И вот только подумал так, старушка в лавку заходит.
– Мне, – говорит, – двенадцать пузырьков отпусти, сынок…
А мне жалко старушку стало. Совсем плохо одета, сразу видно, что на пенсию одну живёт. Какие у неё деньги?
– Бабушка, – говорю, – зачем вам двенадцать пузырьков, если тут только одно название, что миро – столько раз его разбавляли…
А старушка деньги свои не убирает.
– Глупости-то не говори, сынок… – говорит. – Я не видела ничего, а этим миром глаза помазала и отпала темнота. Так что не сомневайся. Давай мне двенадцать пузырьков, как я просила…
Ну коли просит, так что ж?
Отсчитал ей двенадцать пузырьков, а их именно столько и оказалось в лавке, выставил все на прилавок.
Старушка сложила все в кошёлку свою, а один пузырёк на прилавке оставила.
– Это, – говорит, – тебе от меня. Мажься этим миром и не сомневайся…
Отец Павел замолчал и вытащил из кармана рясы пузырёк с миром.
– Это тот двенадцатый пузырёк, который вам старушка оставила? – спросил я.
– Тот-тот… – сказал отец Павел. – Я этим миром уже который год пользуюсь… Когда мало становится, долью маслицем и снова мажусь.
– И помогает?
– Помогает, конечно… – сказал отец Павел. – Я ж последние восемь лет только этим маслицем и лечусь…
Первое крестное знамение
(рассказ железнодорожника)
Это в Сибири было, когда я первый раз себя крестным знамением осенил…
Вёл я поезд тогда, и вот под утро приближались мы к переезду, где шоссейная трасса нашу железную дорогу пересекала.
И всё хорошо вроде.
Зелёные огни горят, можно не сбавлять хода, но тут – прямо в глазах у меня потемнело! – на путях человек стоит в чёрном монашеском облачении и руками семафорит нам.
Как уж я затормозить успел, сам не понимаю.
Как в тумане всё было…
Опамятовал я, когда помощник меня тормошить стал.
– Петрович! – говорит. – Герой ты! Как ты углядел её в сумерках?
– Кого её? – спрашиваю.
– Ну, машину эту гружёную. Которая на переезде застряла…
Слез я с локомотива.
Действительно, в серых рассветных сумерках на переезде грузовая машина стоит.
Ну да…
Если бы влетели в неё, мало бы не показалось ни машине, ни нашему составу. Спасибо монаху, который просигналить успел и остановил поезд.
– А где он? – спрашиваю.
– Кто он?!
– Монах, который поезд остановил…
– Да ты что, Петрович?! – говорит помощник. – Не было никакого монаха…

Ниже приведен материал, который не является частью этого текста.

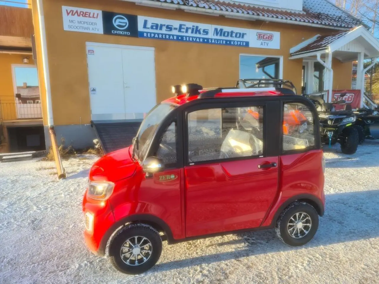 OBS NU I LAGER! Titan Zero R2 X4 är det närmaste man kan komma en riktig bil! Välj styre eller ratt i mitten eller till vänster. kan även fås med uttagbart lithium batteri för laddning i tex lägenhet! Här sitter du bekvämt och skyddad från väder och vind! Med alla funktioner som en vanlig modern bil har. Den eldrivna mopedbilen är utrustad till "Max" redan från början. Inget behövs köpas till. Du kör riktigt billigt - 80 öre/mil, och tyst. Baksätet rymmer 2... personer. Du parkerar bilen mycket enkelt och bland trängre utrymmen där "Vanliga" bilar inte får plats. En perfekt pendlar bil om du bor inom rimligt avstånd, eller varför inte ta en sväng ner på stan ? En extremt rolig bil för 3 personer, roligt och billigt......................... Teknisk Data: - Maxfart: 30km/h Typad som moped klass 2, är man född innan 1994 så behövs varken körkort eller förarbevis! - Laddtid: 6-8 timmar i vanligt 230V vägguttag - Räckvidd: 5-7 mil, (beroende på körsätt samt väder) Milkostnad: ca 80 öre/mil Färger: Röd, vit. blå utrustning: Ramuppbyggt chassi med deformerbara zoner för hög krocksäkerhet. Aluminiumfälgar taklucka Automatiskt halvljus LED-strålkastare LED-bakljus Kupévärme Defroster Stereo/back kamera och bluetooth, Skivbromsar För mer info samt återförsäljare gå in på https://titanzero.se....sökord titan zero elektrisk mopedbil r4 r5 . Var god meddela innan ni kommer. Köp till larm för endast 2495 kr monterat och klart! Obs dessa kan fås med styre istället för ratt, alla funktioner finns på styret så man behöver inte använda benen alls för körning, obs mycket bra plats för föraren

– Как же не было, – говорю, – если я сам его видел…
Ну, пока машину стаскивали с переезда, освобождая путь, прошли мы по составу, чтобы посмотреть: не пострадал ли кто из пассажиров.
И вот ведь что удивительно…
Хоть и тормозил я в экстренном порядке, а из пассажиров почти никто и не проснулся даже… А которые проснулись, целы были… Никто не пострадал.
Уже к концу состава мы подходили, когда увидел я своего монаха. Сидит в плацкартном вагоне на боковом месте и перебирает чётки.
– Вот, – показываю я своему помощнику, – вот кто нас спас! Это он мне просемафорил об опасности…
– А как это удалось вам?! – удивился помощник. – Как вы перед поездом встать сумели?
Но монах и сам разговору нашему удивился.
– Да не вставал я нигде… – сказал он и перекрестился. – Сижу здесь, молитвы читаю, чтобы доехали благополучно… А что, произошло что-то?
– Произошло… – сказал я. – Получается, что твоя молитва и выручила нас.
И перекрестился я.
Первый раз в жизни перекрестился…
Блаженная Ольга
Вспомнил блаженную Ольгу, с которой мы познакомились, когда снимали фильм «Голос Андрея Первозванного».
Она была тогда с нашей киногруппой на Авраамиевом скиту, но странно – столько было фотоаппаратов и кинокамер, а она никуда не попала.
Впрочем, чудо, что она вообще попала на скит, ведь никто не афишировал, что здесь будут устанавливать поклонный крест!
Более того, произошло это неожиданно, почти случайно, а Ольга отку-
да-то узнала и добралась до острова ещё раньше, чем туда прибыла киногруппа.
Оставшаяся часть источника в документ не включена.